On 06/04/2013 08:32 AM, David Lang wrote:
On Mon, 3 Jun 2013, Roberto Giordani wrote:
Hello,
I'm working on a project where 20 servers RHEL 5.8 (with rsyslog
5.8.12) has 20 input files on input and send about 10.000 messages for
second to one rsyslog server 7.2 version
The network is gigabit between client-->server and this is the daily
nmon network traffic graphs
The first configuration was with queue file, but is was too slow, so
I've used the LinkedList queue.
in my testing memory was the fastest (around 1000x as fast as a full
disk queue)
The current client settings are
$InputFileName /file1.log
$InputFileTag TEST1
$InputFileStateFile file1
$InputFileSeverity debug
$InputFileFacility local6
$InputRunFileMonitor
$InputFilePersistStateInterval 10
....
....
....
############################################
$MaxMessageSize 9000
$MainMsgQueueType LinkedList
$MainMsgQueueSize 1000000
$MainMsgQueueWorkerThreads 20
$MainMsgQueueDequeueBatchSize 5000
$MainMsgQueueSaveOnShutdown on
$ActionQueueType LinkedList
$ActionQueueSize 2000000
$ActionQueueWorkerThreads 50
$ActionQueueDequeueBatchSize 5000
$ActionQueueSaveOnShutdown on
###########################################
$ActionResumeRetryCount -1
$ActionQueueTimeoutEnqueue 1
$ActionSendResendLastMsgOnReconnect on
$ActionQueueCheckpointInterval 1
local6.debug @@10.10.1.10:10514
The server settings are
##############################################
# Provides TCP syslog reception
$ModLoad imtcp
$InputTCPServerRun 10514
#### GLOBAL DIRECTIVES ####
# Use default timestamp format
$ActionFileDefaultTemplate RSYSLOG_TraditionalFileFormat
# File syncing capability is disabled by default.

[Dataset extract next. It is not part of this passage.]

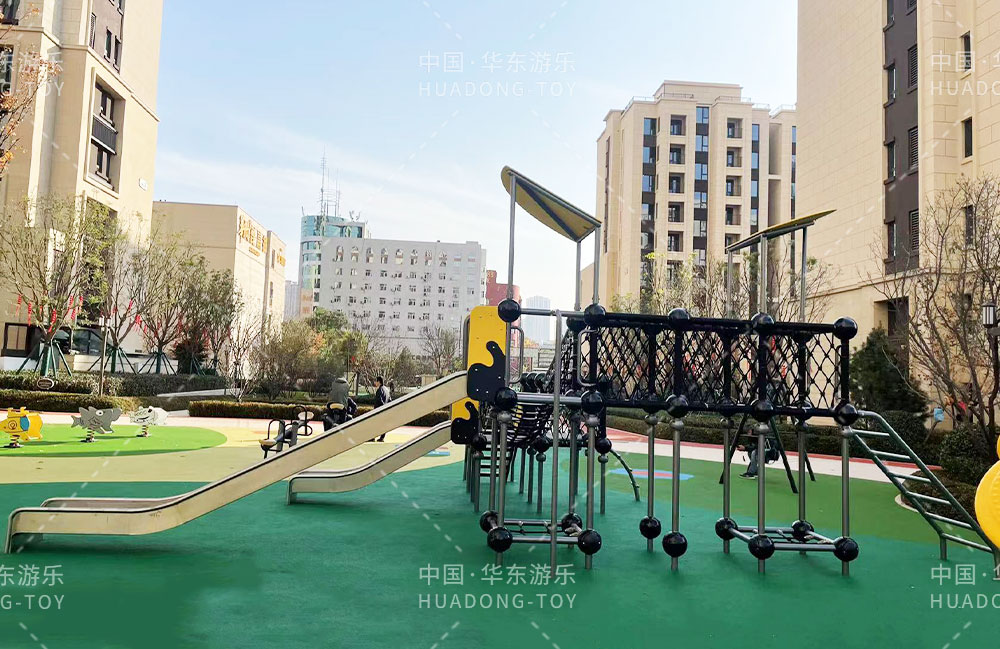 太原华润昆仑域地产项目选用的是leyu.乐鱼游乐自主研发的游乐设备,娱乐场里选用了健身器材、具备攀爬网、不锈钢滑梯为一体的综合性游乐设备,为生活在该小区的人们提供了一个生活、休闲、娱乐的场所。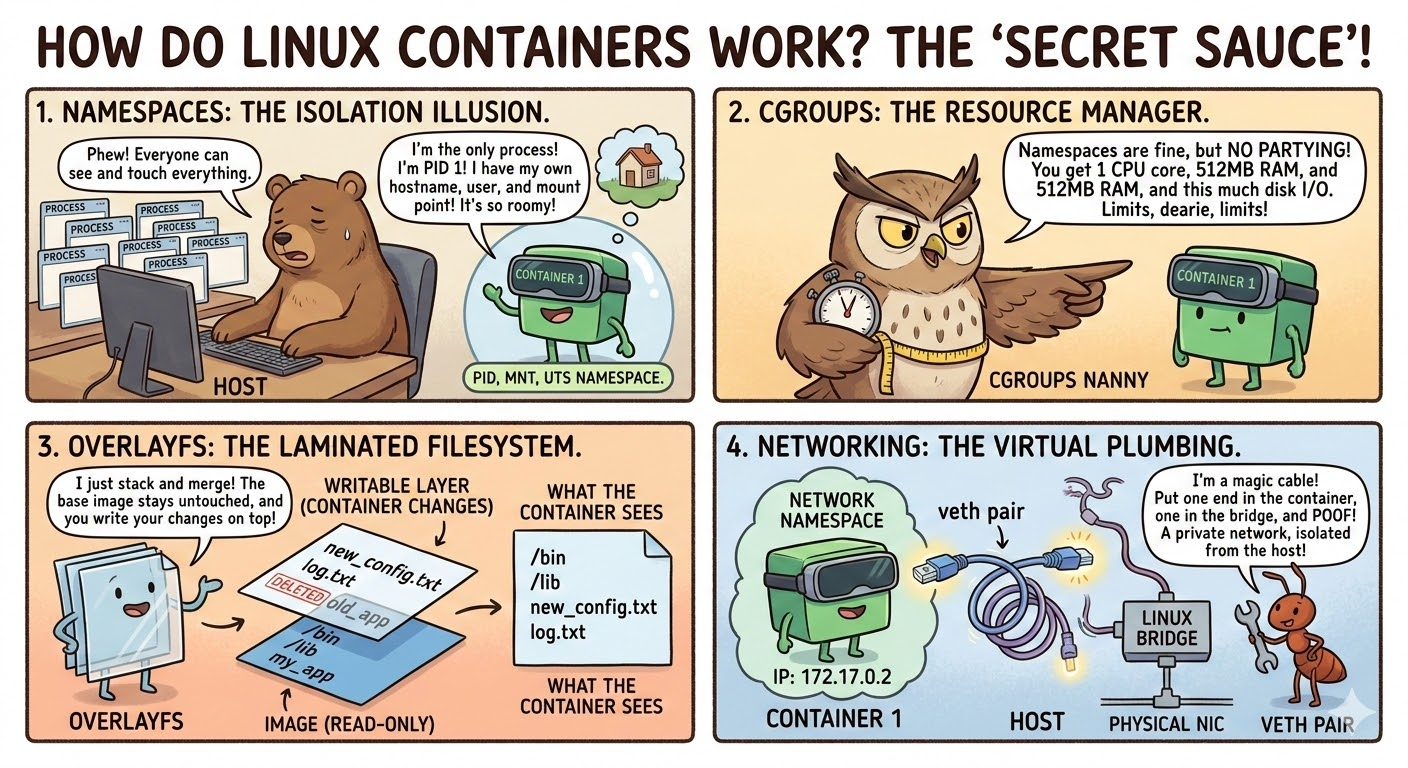 Containers are just namespaced, cgroup-limited processes with a layered filesystem. No magic, no hidden VMs. Once you internalize that, everything on top of it, whether that's Docker, Podman, Kubernetes, or a managed cloud service like EKS or Cloud Run, starts to make a lot more sense.

This feature is
usually not required,
# not useful and an extreme performance hit
$ActionFileEnableSync off
$umask 0007
if $fromhost-ip == "10.10.1.7" and $syslogfacility-text == "local6"

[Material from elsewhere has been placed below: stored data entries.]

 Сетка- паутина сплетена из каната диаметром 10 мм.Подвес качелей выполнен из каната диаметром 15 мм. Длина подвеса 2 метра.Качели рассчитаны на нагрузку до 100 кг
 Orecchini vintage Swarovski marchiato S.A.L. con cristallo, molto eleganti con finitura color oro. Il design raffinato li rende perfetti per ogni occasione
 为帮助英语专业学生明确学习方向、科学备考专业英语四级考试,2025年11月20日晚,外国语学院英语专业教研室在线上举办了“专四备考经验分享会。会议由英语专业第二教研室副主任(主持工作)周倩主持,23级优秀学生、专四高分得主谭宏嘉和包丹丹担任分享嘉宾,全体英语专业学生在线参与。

and $syslogseverity-text == "debug" and $syslogtag == "TEST1" then
action(type="omfile" DirOwner="user1" DirCreateMode="0750"
FileCreateMode="0444" File="/rsyslog-data/file1.log")
if $fromhost-ip == ........
###############################
My questions are:
1)how to find the right combination of
Main queue ---> Action Queue---> receiver queue on rsyslog server ?
why do you need an Action Queue? it's only needed if you have some
reason to think that that particular action is going to fall behind and
you want to decouple it from the rest of the outputs.
2)Is it possible to increase incoming messages and handle quickly?
Yes, I've processed 380K logs/sec (gig-e limit) and others with 10G
networks have processed 1M logs/sec
3)Why the output log on Centralized Rsyslog are still behind the
source log on the client?
lots of possible reasons, but first off what are you looking at that's
saying that the central servers are behind?
start off by seeing if you are having problems reading the data from the
file. setup a test where you just read from the file and write back out
to the file (I'd suggest starting without any queue directives at all)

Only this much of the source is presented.